In the listing below, the lines starting at the line with "Discover the perfect" and ending at the line with "ไฟสปอร์ตไลท์ LED กำลังสูง" are to be output verbatim. Images stay out of the copy.

Top of RECORD EXCERPTS

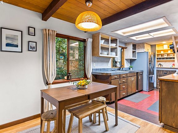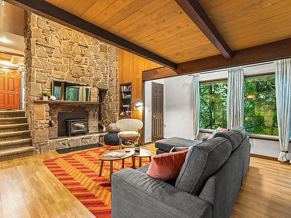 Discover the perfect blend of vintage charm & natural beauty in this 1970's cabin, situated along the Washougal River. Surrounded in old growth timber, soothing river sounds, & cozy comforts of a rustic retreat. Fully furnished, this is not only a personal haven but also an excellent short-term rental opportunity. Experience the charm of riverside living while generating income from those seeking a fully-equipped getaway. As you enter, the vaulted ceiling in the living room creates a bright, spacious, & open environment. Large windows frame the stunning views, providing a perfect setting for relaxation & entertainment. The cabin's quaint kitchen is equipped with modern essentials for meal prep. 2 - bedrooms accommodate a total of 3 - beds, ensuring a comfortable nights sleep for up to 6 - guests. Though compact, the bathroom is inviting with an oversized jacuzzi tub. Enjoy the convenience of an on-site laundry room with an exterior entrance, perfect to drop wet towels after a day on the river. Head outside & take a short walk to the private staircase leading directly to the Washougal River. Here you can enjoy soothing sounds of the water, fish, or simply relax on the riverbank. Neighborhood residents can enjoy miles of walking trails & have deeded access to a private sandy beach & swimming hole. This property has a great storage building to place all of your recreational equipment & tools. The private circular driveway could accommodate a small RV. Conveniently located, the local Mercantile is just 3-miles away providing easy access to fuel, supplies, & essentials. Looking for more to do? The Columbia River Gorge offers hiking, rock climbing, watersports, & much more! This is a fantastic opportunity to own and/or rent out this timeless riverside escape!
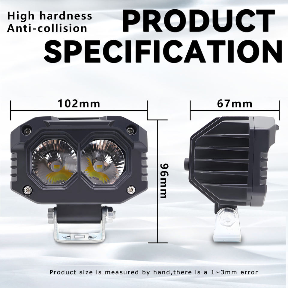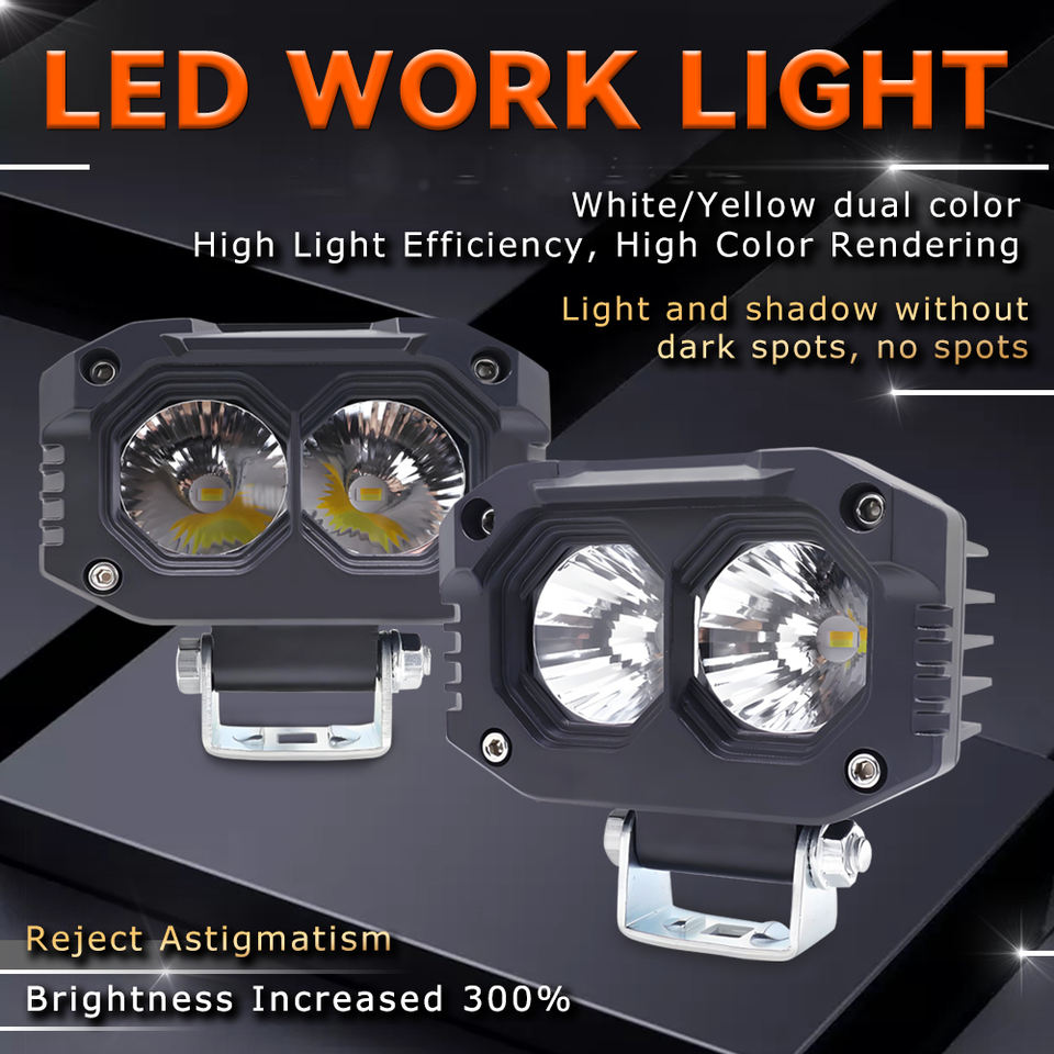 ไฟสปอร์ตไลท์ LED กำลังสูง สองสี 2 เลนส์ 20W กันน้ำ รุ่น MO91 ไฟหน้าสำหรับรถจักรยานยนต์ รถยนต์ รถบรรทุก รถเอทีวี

Bottom of RECORD EXCERPTS
Top of RECORD EXCERPTS

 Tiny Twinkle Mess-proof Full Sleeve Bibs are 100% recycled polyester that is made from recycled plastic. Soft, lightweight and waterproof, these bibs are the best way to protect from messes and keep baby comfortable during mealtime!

Bottom of RECORD EXCERPTS

● **YOUR SOLUTION**:
 Discover the perfect blend of vintage charm & natural beauty in this 1970's cabin, situated along the Washougal River. Surrounded in old growth timber, soothing river sounds, & cozy comforts of a rustic retreat. Fully furnished, this is not only a personal haven but also an excellent short-term rental opportunity. Experience the charm of riverside living while generating income from those seeking a fully-equipped getaway. As you enter, the vaulted ceiling in the living room creates a bright, spacious, & open environment. Large windows frame the stunning views, providing a perfect setting for relaxation & entertainment. The cabin's quaint kitchen is equipped with modern essentials for meal prep. 2 - bedrooms accommodate a total of 3 - beds, ensuring a comfortable nights sleep for up to 6 - guests. Though compact, the bathroom is inviting with an oversized jacuzzi tub. Enjoy the convenience of an on-site laundry room with an exterior entrance, perfect to drop wet towels after a day on the river. Head outside & take a short walk to the private staircase leading directly to the Washougal River. Here you can enjoy soothing sounds of the water, fish, or simply relax on the riverbank. Neighborhood residents can enjoy miles of walking trails & have deeded access to a private sandy beach & swimming hole. This property has a great storage building to place all of your recreational equipment & tools. The private circular driveway could accommodate a small RV. Conveniently located, the local Mercantile is just 3-miles away providing easy access to fuel, supplies, & essentials. Looking for more to do? The Columbia River Gorge offers hiking, rock climbing, watersports, & much more! This is a fantastic opportunity to own and/or rent out this timeless riverside escape!
 ไฟสปอร์ตไลท์ LED กำลังสูง สองสี 2 เลนส์ 20W กันน้ำ รุ่น MO91 ไฟหน้าสำหรับรถจักรยานยนต์ รถยนต์ รถบรรทุก รถเอทีวี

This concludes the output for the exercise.